Nel suo libro spiega che i cinghiali non si riproducono in modo semplice o lineare. Vivono in società matriarcali, regolate da una femmina dominante – la “matrona” – che emette un feromone in grado di inibire la riproduzione delle più giovani.
Se si uccide la matrona? Il gruppo si disgrega e tutte le femmine si riproducono contemporaneamente. Invece di 6 o 7 piccoli l’anno, si può arrivare a 30. Altro che controllo.
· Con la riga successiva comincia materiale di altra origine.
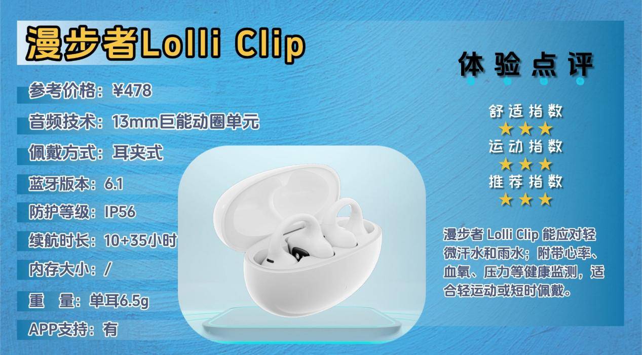 漫步者Lolli Clip定位于兼顾日常佩戴与轻运动使用的开放式骨传导耳机,强调舒适、轻盈和健康监测功能。耳机外观小巧精致,适合通勤、办公或日常休闲佩戴,同时提供基础运动陪伴。

Lo stesso vale per i maschi: abbattere gli esemplari adulti favorisce i giovani, che hanno una maggiore carica spermatica e danno luogo a cucciolate più numerose e geneticamente varie, più resistenti e adattabili. In parole povere: più spari, più aumentano.
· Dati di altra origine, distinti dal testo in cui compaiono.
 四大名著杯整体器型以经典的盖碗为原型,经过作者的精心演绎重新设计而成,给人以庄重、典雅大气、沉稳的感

“La gestione della fauna selvatica – scrive Bertacchini – non si può fare con calcoli su un foglio mentre si beve al bar e meno che mai con colpi di fucile in città che normalizzano la presenza delle armi come strumento di controllo”.
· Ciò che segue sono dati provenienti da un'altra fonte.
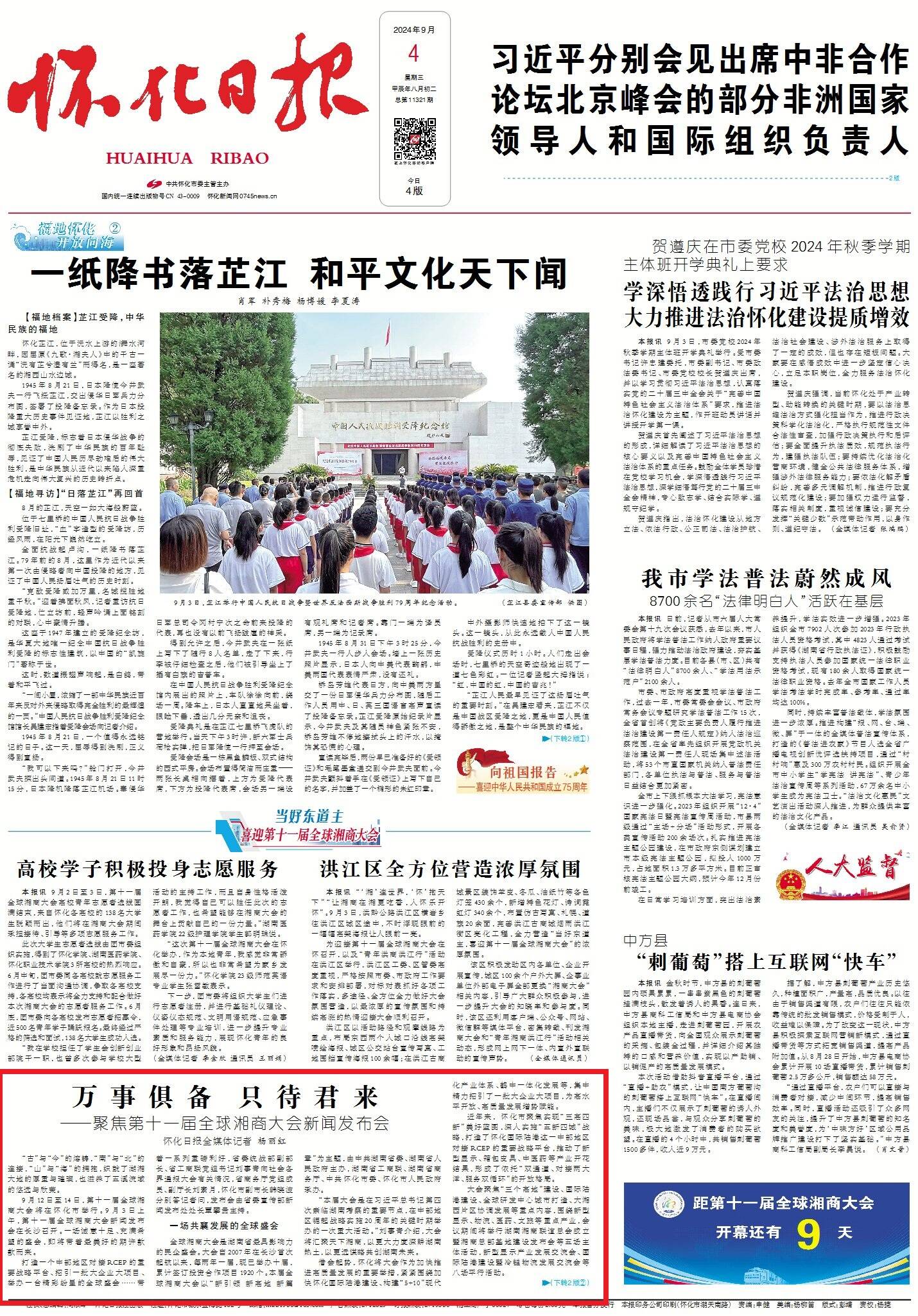 据介绍,怀化向全市发出了《当好东道主,喜迎全球湘商大会》倡议书,推出湘商大会专题系列报道,开展“福地怀化 开放向海——东南亚、粤港澳主流媒体怀化行”“回湘入怀”“网络大咖怀化行”等专题宣传活动,切实让全球湘商感受怀化尊商、护商、亲商、暖商的浓厚氛围。

La sua è una visione più ampia, che guarda alla storia dei territori: “Pensare di gestire un mondo che esiste fuori di noi è presuntuoso”. Non si tratta di rifiutare ogni forma di intervento, ma di riconoscere che la natura risponde con logiche proprie, non semplificabili. E ogni errore, nella gestione, può amplificare il problema.
A questo si aggiunge uno studio pubblicato sulla rivista Pest Management Science dalla biologa Giovanna Massei del National Wildlife Management Centre (UK): “Wild boar populations up, numbers of hunters down?”. Lo studio mostra come la crescita dei cinghiali sia un fenomeno europeo e come la caccia non sia in grado di contenerne l’espansione.
Il caso emblematico è quello dei Colli Euganei, in Veneto: 15 anni di abbattimenti, quasi 10.000 cinghiali uccisi, milioni di euro spesi, operai forestali mobilitati e... problema irrisolto. I cinghiali sono ancora lì e ora si chiedono nuove risorse per sparare ancora.
Nel frattempo, il dibattito è acceso. Da un lato cittadini infuriati che non riescono più a usare i giardini, dall’altro amministratori in difficoltà e un'opinione pubblica sempre più polarizzata: tra chi vuole "fare pulizia" e chi ricorda che gli animali si sono adattati a un ambiente che abbiamo alterato noi.
Intanto, i cinghiali continuano a spuntare tra i marciapiedi, i cassonetti e i post indignati. Ma se sparare diventa l’unica risposta, allora è forse l’uomo ad aver perso l’equilibrio. Non il cinghiale.